Key insight: The same algorithm discovers both that Central Park divides Manhattan's Upper East and West Sides, and that the Sahara Desert divides North and Sub-Saharan Africa.
Lines connecting merged population centers, colored by merge order.
74,000 US census tracts merging hierarchically
Global population at 15 arc-minute resolution
Population distribution rendered as elevation, where height represents cumulative gravitational pull.
Western Hemisphere gravitational potential
The algorithm naturally discovers:
- Continental regions (South Asia 1.8B, East Asia 1.5B, Western Hemisphere 927M)
- Natural barriers (deserts, oceans, mountain ranges) as low-density boundaries
- Cultural corridors (Grand Trunk Road in South Asia emerges as coherent 1B+ person region)
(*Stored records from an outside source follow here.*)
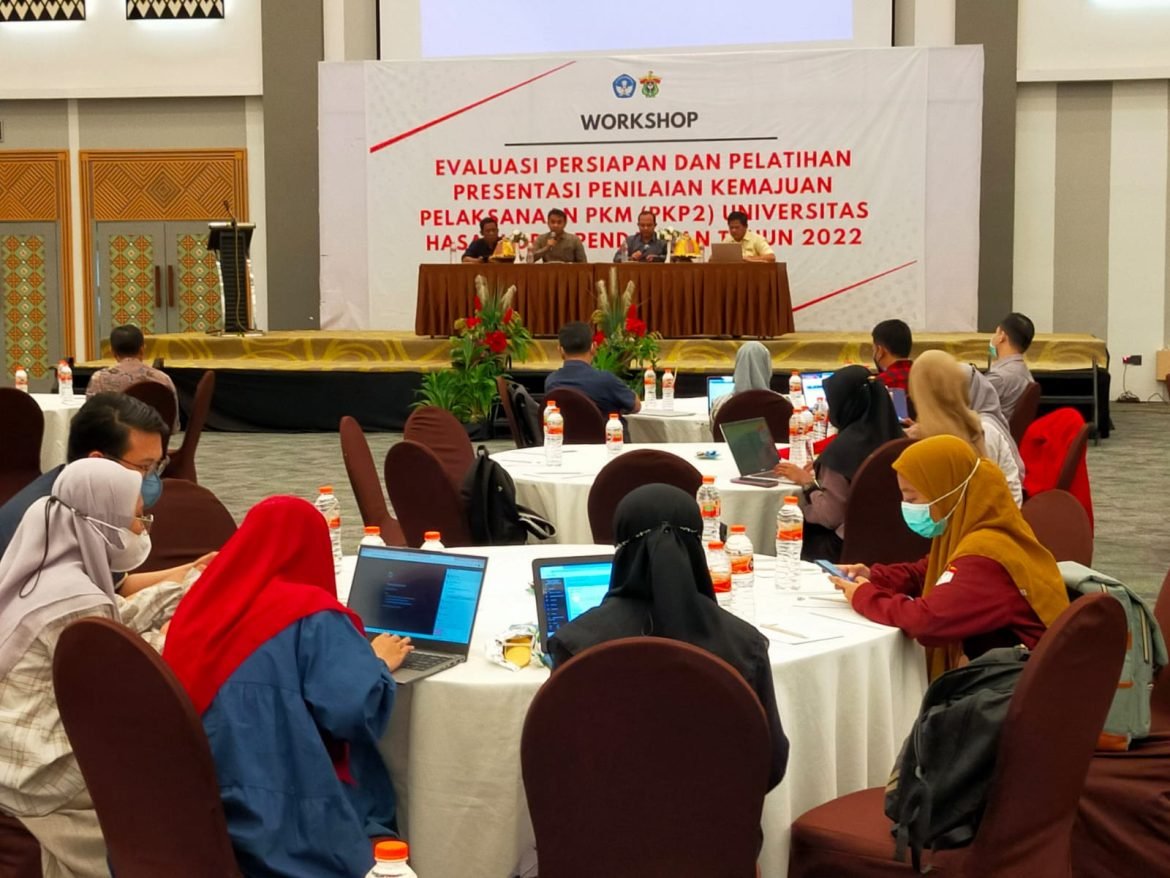 Workshop Evaluasi Persiapan dan Pelatihan Presentasi Penilaian Kemajuan Pelaksanaan PKM (PKP2) Universitas Hasanuddin tahun Pendanaan 2022 kembali dilaksanakan hari Kamis (08/09) di hotel Maxone Makassar, Sulawesi Selatan. Wakil Rektor Bidang Akademik dan Kemahasiswaan, Prof. drg. Muhammad Ruslin, M.Kes, Ph.D, SpBM(K) didampingi oleh Direktur Alumni dan Penyiapan Karir, Abdullah Sanusi, SE., MBA, Ph.D turut hadir dalam pembukaan kegiatan ini.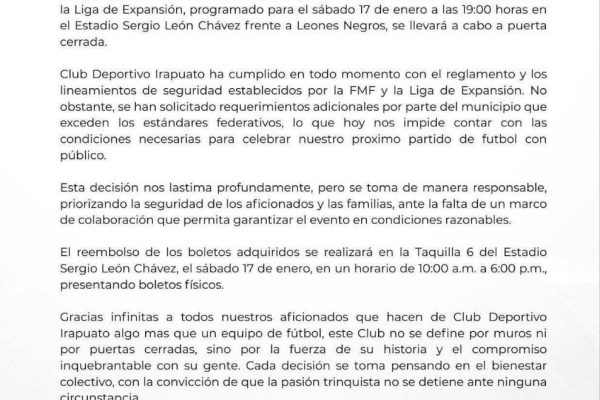 La directiva del Club Deportivo Irapuato informa que será a puertas cerradas el partido que se realizará este sábado esta tarde entre el equipo Irapuato y Leones Negros de la Universidad de Guadalajara , a petición del gobierno municipal de Irapuato. En un comunicado se refiere que la medida obedece a requerimientos adicionales solicitados por el gobierno municipal los cuales asegura la directiva que rebasan los estándares establecidos por las autoridades, situación derivó en la determinación de no permitir acceso al público. El comunicado sin embargo no refiere los antecedentes de violencia que se han suscitado recientemente entre simpatizantes de la Trinca y de los equipos contrincantes.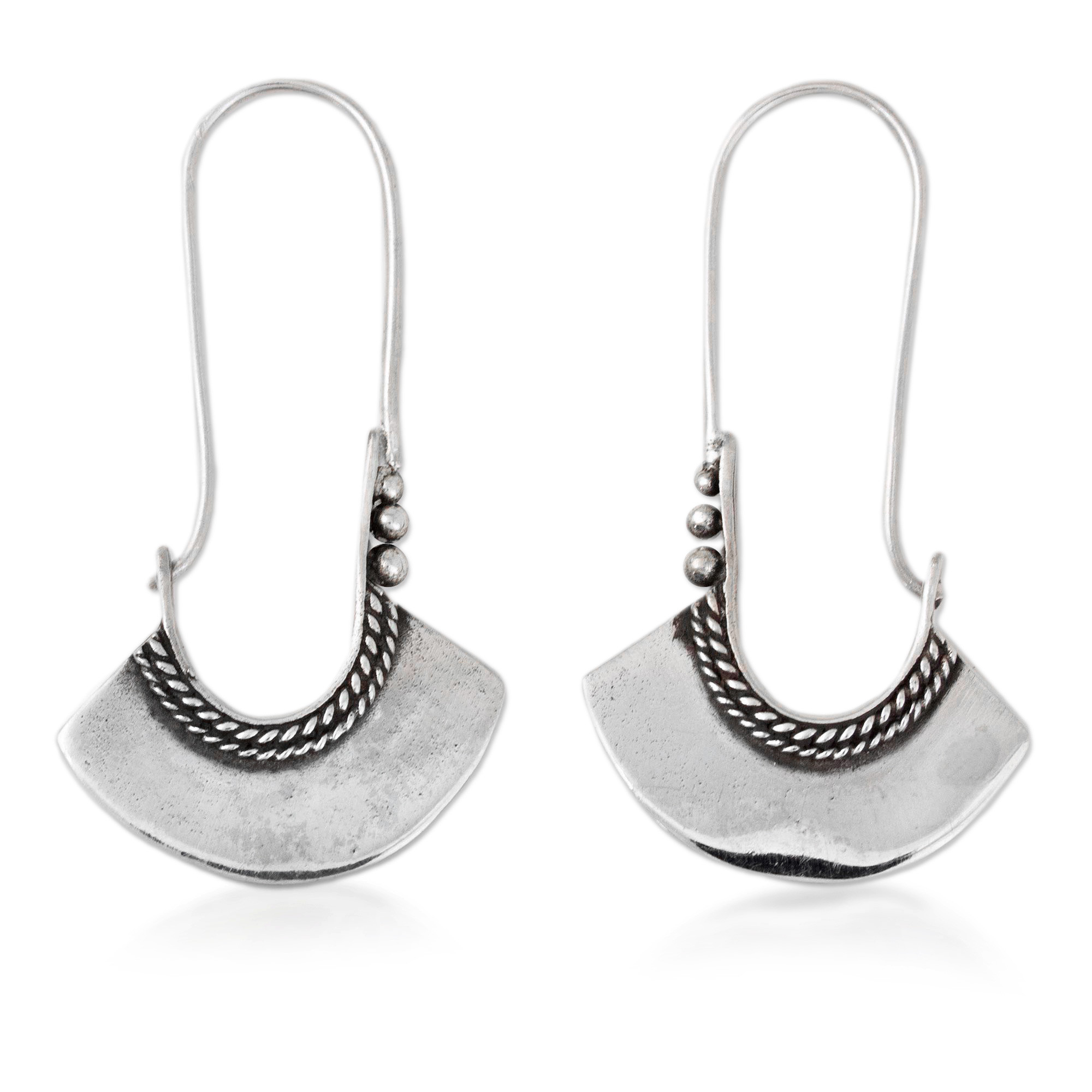 Women's Sterling Silver Hoop Earrings, 'Hollow Bell'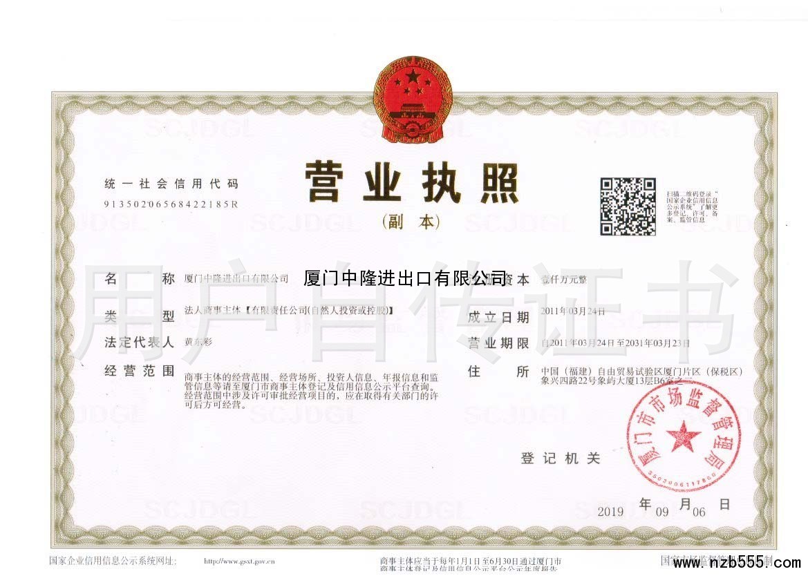 | 發(fā)證機(jī)構(gòu): | 廈門(mén)市市場(chǎng)監(jiān)督管理局 | 發(fā)證時(shí)間 : | 2019-09-06 |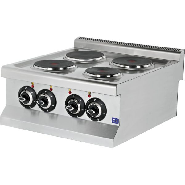 Fogão elétrico de mesa 4 zonas 4×1,75 kw 600x635x285mm – Zonas: 4 – Zonas de potência (kw): 4 x 1,75 – Potência total (kw): 7

- Metropolitan structure (urban cores, suburbs, satellite cities)
- Micro-geography (Central Park divides Manhattan neighborhoods)
Cross-validation: Census tracts, block groups, and world grid data all converge on the same regional boundaries, confirming the algorithm captures real geographic structure.
potential(i, j) = (population_i × population_j) / distance(i, j)^4
The inverse fourth power heavily weights nearby populations, mimicking urban agglomeration while allowing long-range effects.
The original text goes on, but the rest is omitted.